Меня оставили дома одну: я болею, и мне нельзя гулять. У меня коклюш, бывает тяжело дышать, и кашель до слёз. Иногда идёт кровь носом, и сестра подставляет мне маленькую кастрюльку с ручкой, а я её за это дразню - "Юлька-кастрюлька". Меня даже клали в больницу, в какую-то маленькую палату, где весь день и ночь горит под потолком белый шар лампы. Несколько раз водили на улицу Солянка (правда смешное название?) в дом с большой лестницей, где я сидела одна в маленькой круглой железной комнате, а чтобы не плакала, давали в руки покрутить се-кун-до-мер. Я это слово запомнила сразу и, когда приходила, спрашивала его, а врач улыбалась.

Чтобы прошёл коклюш, мы вместе с мамой летали куда-то на самолёте с военного аэродрома, но только я этого не запомнила, потому что долго ждали во Внукове и я заснула. Когда очнулась у мамы на руках, какой-то военный очень кричал на мою маму и другого военного. С моей головы упала шапка, и тот кто кричал погладил меня по голове и сказал: "Молитесь, чтобы пронесло, и никто не доложил о случившемся". Даже после этого случая кашель всё не проходил, и я продолжала кашлять до посинения.

Мама ушла в булочную на набережной за хлебом. Я хожу в валенках, замотанная крест-накрест в платок: дома холодно. Кто-то из знакомых вырезал для меня двух человечков из школьного мела, и я разговариваю с ними и вожу их по краешку стола.
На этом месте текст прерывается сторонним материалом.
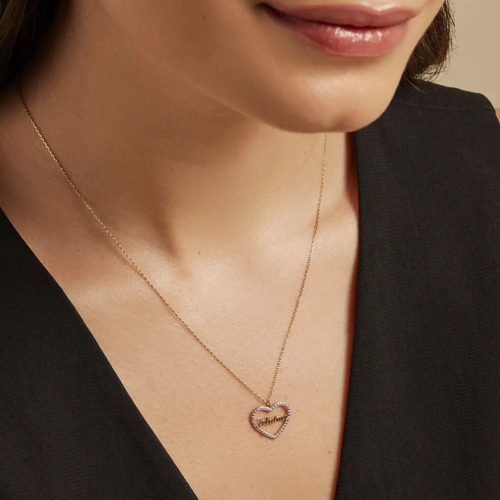 Collier Or Jaune 375/1000 C艙ur Ajoure Message Pavage Diamants Maille Forcat 42+3cm

Вдруг из-за шкафа появился красивый человек в красном тулупе и с деревянным сундучком на ремешке через плечо. Я совсем не испугалась. Он улыбнулся, и мне стало хорошо, когда он положил свою тёплую руку мне на голову и как будто спросил: "Болеешь?" Я ответила: "Угу". Тогда он достал из сундучка что-то сладкое и положил мне в рот, потом подул чем-то тёплым мне в ухо. Я зажмурилась, а когда открыла глаза, он пропал. Мне стало обидно, почему он так быстро ушёл и ничего больше не сказал. В это время открылась дверь, мама вернулась. Она встретила по дороге папину сестру, которую я почему-то зову "Ксенья-пупок". Наверное, потому что, когда она приходит, она всегда нажимает большим пальцем на мой пупок и говорит, что он совсем пустой. Она работает в метрострое на складе и ещё каждые два месяца сдаёт свою кровь в больнице, и обязательно каждый раз мне приносит что-нибудь вкусное. То булочку с орешками, то печение с зубчиками, а то маленькую шоколадку в красной обертке с шестью полосочками. Я всегда делюсь шоколадкой с тётей, с мамой и Юлей.

"Мама, мама, а сейчас ко мне приходил мужик в красном тулупе и сундучком на ремешке", - кричу я. Мама спрашивает: "Агитатор, что ли?" Я твёрдо говорю: "Нет". Она спрашивает: "Может Дед Мороз?" Я говорю: "Да нет же, Деда Мороза я уже видела в детском саду. Он был толстый, с белыми волосами и с бородой. Из красного мешка всем детям раздавал подарки на Новый год, и от него пахло так же, как от нашего повара из детского сада". "Нет, мама - говорю я. - Дед Мороз старый, а этот молодой и красивый!"

Ксенья-пупок говорит маме: "Ну кто же к ней мог зайти? Ты же, Ольга, закрыла её на ключ". "И то правда, - отвечает мама, - видно у девчонки опять температура".

Ксенья-пупок иногда плачет, когда вспоминает погибшего на войне мужа, а мама говорит: "Это был настоящий мужик!" А сегодня тётя принесла мне яичко. Я конечно знаю, что есть курица, которая приносит яйца. Вот только не понимаю, где она их берёт? Мне сестра читала книжку про курицу Рябу, но живьём я курицу не видела. В саду нам давали омлет из американского белка, это было очень вкусно, но всего два раза.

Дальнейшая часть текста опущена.